* **What this task involves**: The exercise calls for every entry that follows to be repeated exactly.

* **Items listed in a dataset**:
════════════════

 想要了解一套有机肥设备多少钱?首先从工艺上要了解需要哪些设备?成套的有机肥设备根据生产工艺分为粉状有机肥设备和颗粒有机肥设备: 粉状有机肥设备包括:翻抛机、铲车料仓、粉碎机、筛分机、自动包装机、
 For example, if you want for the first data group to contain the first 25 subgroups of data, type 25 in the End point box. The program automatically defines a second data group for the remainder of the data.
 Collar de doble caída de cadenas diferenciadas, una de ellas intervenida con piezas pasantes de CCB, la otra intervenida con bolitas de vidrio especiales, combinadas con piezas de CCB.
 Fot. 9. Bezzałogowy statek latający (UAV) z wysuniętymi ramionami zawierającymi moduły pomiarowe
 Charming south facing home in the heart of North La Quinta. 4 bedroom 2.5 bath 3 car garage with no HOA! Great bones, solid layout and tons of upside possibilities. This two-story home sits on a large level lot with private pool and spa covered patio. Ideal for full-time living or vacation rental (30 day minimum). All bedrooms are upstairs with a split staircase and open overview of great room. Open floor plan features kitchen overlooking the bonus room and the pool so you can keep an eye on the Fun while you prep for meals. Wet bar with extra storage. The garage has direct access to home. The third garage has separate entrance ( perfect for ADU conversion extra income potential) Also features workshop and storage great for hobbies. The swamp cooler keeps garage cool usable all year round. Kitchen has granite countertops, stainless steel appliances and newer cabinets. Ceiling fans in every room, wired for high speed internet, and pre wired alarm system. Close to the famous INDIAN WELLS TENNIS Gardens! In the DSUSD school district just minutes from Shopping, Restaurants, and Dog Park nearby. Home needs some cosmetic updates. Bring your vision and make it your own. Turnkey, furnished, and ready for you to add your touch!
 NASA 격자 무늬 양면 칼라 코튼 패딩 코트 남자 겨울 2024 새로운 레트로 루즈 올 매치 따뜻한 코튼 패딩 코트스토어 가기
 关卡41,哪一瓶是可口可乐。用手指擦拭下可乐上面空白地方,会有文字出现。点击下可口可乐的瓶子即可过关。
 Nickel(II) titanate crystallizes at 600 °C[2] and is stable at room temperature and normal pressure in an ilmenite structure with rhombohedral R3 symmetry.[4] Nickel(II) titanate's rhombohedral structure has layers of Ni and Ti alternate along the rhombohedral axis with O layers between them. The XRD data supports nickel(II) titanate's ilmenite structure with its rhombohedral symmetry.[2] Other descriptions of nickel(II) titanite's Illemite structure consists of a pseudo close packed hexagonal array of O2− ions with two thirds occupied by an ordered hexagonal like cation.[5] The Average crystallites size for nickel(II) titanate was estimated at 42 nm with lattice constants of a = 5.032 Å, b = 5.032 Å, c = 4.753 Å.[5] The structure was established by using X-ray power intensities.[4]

════════════════

* **Exercise solution**:
 想要了解一套有机肥设备多少钱?首先从工艺上要了解需要哪些设备?成套的有机肥设备根据生产工艺分为粉状有机肥设备和颗粒有机肥设备: 粉状有机肥设备包括:翻抛机、铲车料仓、粉碎机、筛分机、自动包装机、
 For example, if you want for the first data group to contain the first 25 subgroups of data, type 25 in the End point box. The program automatically defines a second data group for the remainder of the data.
 Collar de doble caída de cadenas diferenciadas, una de ellas intervenida con piezas pasantes de CCB, la otra intervenida con bolitas de vidrio especiales, combinadas con piezas de CCB.
 Fot. 9. Bezzałogowy statek latający (UAV) z wysuniętymi ramionami zawierającymi moduły pomiarowe
 Charming south facing home in the heart of North La Quinta. 4 bedroom 2.5 bath 3 car garage with no HOA! Great bones, solid layout and tons of upside possibilities. This two-story home sits on a large level lot with private pool and spa covered patio. Ideal for full-time living or vacation rental (30 day minimum). All bedrooms are upstairs with a split staircase and open overview of great room. Open floor plan features kitchen overlooking the bonus room and the pool so you can keep an eye on the Fun while you prep for meals. Wet bar with extra storage. The garage has direct access to home. The third garage has separate entrance ( perfect for ADU conversion extra income potential) Also features workshop and storage great for hobbies. The swamp cooler keeps garage cool usable all year round. Kitchen has granite countertops, stainless steel appliances and newer cabinets. Ceiling fans in every room, wired for high speed internet, and pre wired alarm system. Close to the famous INDIAN WELLS TENNIS Gardens! In the DSUSD school district just minutes from Shopping, Restaurants, and Dog Park nearby. Home needs some cosmetic updates. Bring your vision and make it your own. Turnkey, furnished, and ready for you to add your touch!
 NASA 격자 무늬 양면 칼라 코튼 패딩 코트 남자 겨울 2024 새로운 레트로 루즈 올 매치 따뜻한 코튼 패딩 코트스토어 가기
 关卡41,哪一瓶是可口可乐。用手指擦拭下可乐上面空白地方,会有文字出现。点击下可口可乐的瓶子即可过关。
 Nickel(II) titanate crystallizes at 600 °C[2] and is stable at room temperature and normal pressure in an ilmenite structure with rhombohedral R3 symmetry.[4] Nickel(II) titanate's rhombohedral structure has layers of Ni and Ti alternate along the rhombohedral axis with O layers between them. The XRD data supports nickel(II) titanate's ilmenite structure with its rhombohedral symmetry.[2] Other descriptions of nickel(II) titanite's Illemite structure consists of a pseudo close packed hexagonal array of O2− ions with two thirds occupied by an ordered hexagonal like cation.[5] The Average crystallites size for nickel(II) titanate was estimated at 42 nm with lattice constants of a = 5.032 Å, b = 5.032 Å, c = 4.753 Å.[5] The structure was established by using X-ray power intensities.[4]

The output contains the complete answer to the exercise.